Trinidad and Tobago’s self-proclaimed “number one salesman,” Prime Minister Dr Keith Rowley, was hard at work yesterday as he marketed this country as the region’s best bet for a bright energy future.
Prime Minister Rowley was among a group of heads of government from the region who arrived in Georgetown Guyana to participate on the opening day of the International Energy Conference and Expo at the Guyana Marriott hotel.
“The regional energy landscape does not equip any single country to meet the energy security requirements of the region. A cooperative approach allows for shared risks and diversified perspectives, and will facilitate the development and execution of innovative solutions to the challenges associated with the energy demand for the region,” Rowley said.
Rowley said because of this, T&T had taken a deliberate policy to engage its regional neighbours in the development of economic cooperation in the energy sector.
This includes agreements with Bolivia, Venezuela, Barbados and Grenada, which will allow for the exploration of hydrocarbon resources in the shared maritime boundaries, he said.
In addition to this, he said a Memorandum of Understanding with Guyana and Haiti have also been signed.
Rowley said in today’s economic environment, however, investments in enabling infrastructure and technology can be costly, even to the point of being prohibitive.
However, he said T&T can help in that regard.
“T&T has the energy infrastructure to monetise hydrocarbon resources produced by its Caribbean neighbours. The country possesses ten ammonia plants, seven methanol plants, four LNG plants, an iron and steel complex, which at peak performance utilised as feedstock four bcf of natural gas per day, and an oil refinery which processed up to 140,000 barrels of oil per day. Our current natural gas production averages 2.8 bcf per day and we are still exploring the market for a user for the oil refinery,” the PM said.
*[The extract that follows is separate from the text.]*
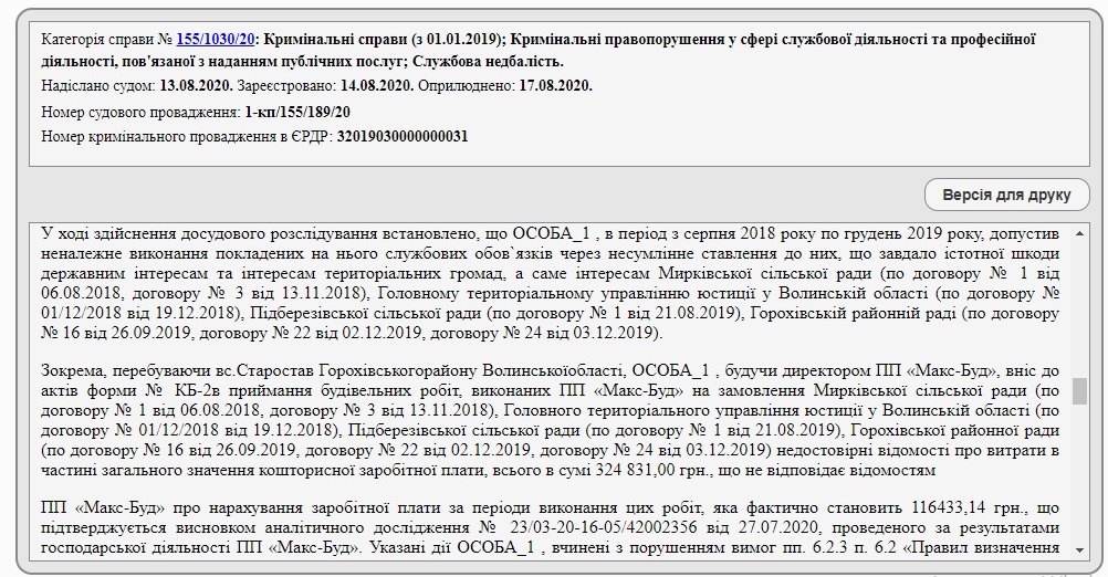 Цікавим є питання вибору виконавця робіт і його доброчесності при використанні бюджетних коштів. У загальнодоступному реєстрі судових рішень міститься ухвала Горохівського районного суду по справі №155/1030/20 від 12.08.2020, відповідно до якої на директора підприємства «Макс-буд» було відкрито кримінальну справу, яка дійшла до суду. Так, в ухвалі зазначається, що внаслідок дій посадових осіб підприємства інтересам Мирківської сільської ради, Головному територіальному управлінню юстиції у Волинській області, Підберезівській сільській раді, Горохівській районній раді завдано істотної шкоди у вигляді надміру сплачених за виконані роботи коштів на загальну суму 208397,86 грн.

This was not the first time Rowley promoted the mothballed Petrotrin Pointe-a-Pierre refinery in his 25-minute speech yesterday, as he stated the refinery and its supporting infrastructure are available for “restart, upgrade and use on reasonable terms to any interested refiner or crude supplier.”
“T&T, therefore, provides a viable option for those countries that wish to optimise the monetisation of their hydrocarbon resources without incurring substantial capital expenditure. The proposed Dragon Gas Project with the Bolivarian Government of Venezuela is an example of government-to-government co-operation in the monetising of natural gas resources. We are open to discussion with our other Caribbean neighbours on the monetisation of their hydrocarbon resources in T&T. We would also wish to assist you in developing programmes to meet the necessary training needs of your energy personnel,” Rowley said.
“T&T possesses a number on non-governmental and government agencies that have been meeting the human resource development needs of the energy and industrial sectors of T&T, as well as emerging oil and gas economies.”
Rowley said as an emerging major oil and gas producing region, leaders have a window of opportunity to take a proactive approach to leveraging their collective knowledge and expertise to optimise new opportunities going forward.
“Linking the energy and industrial transformations to a collaborative economic strategy would ensure that the region makes the most out of its abundant oil and gas resources. We must use our energy resources for the benefit of our people, to build resilience and scale in our economies and to create energy security for the region,” he said.
Rowley also cut the ribbon to officially open the exhibition yesterday, alongside Guyana President Dr Mohamed Irfaan Ali, Guyana Prime Minister Mark Phillips, St Vincent and the Grenadines Prime Minister Ralph Gonsalves and former Colombia President Ivan Duque.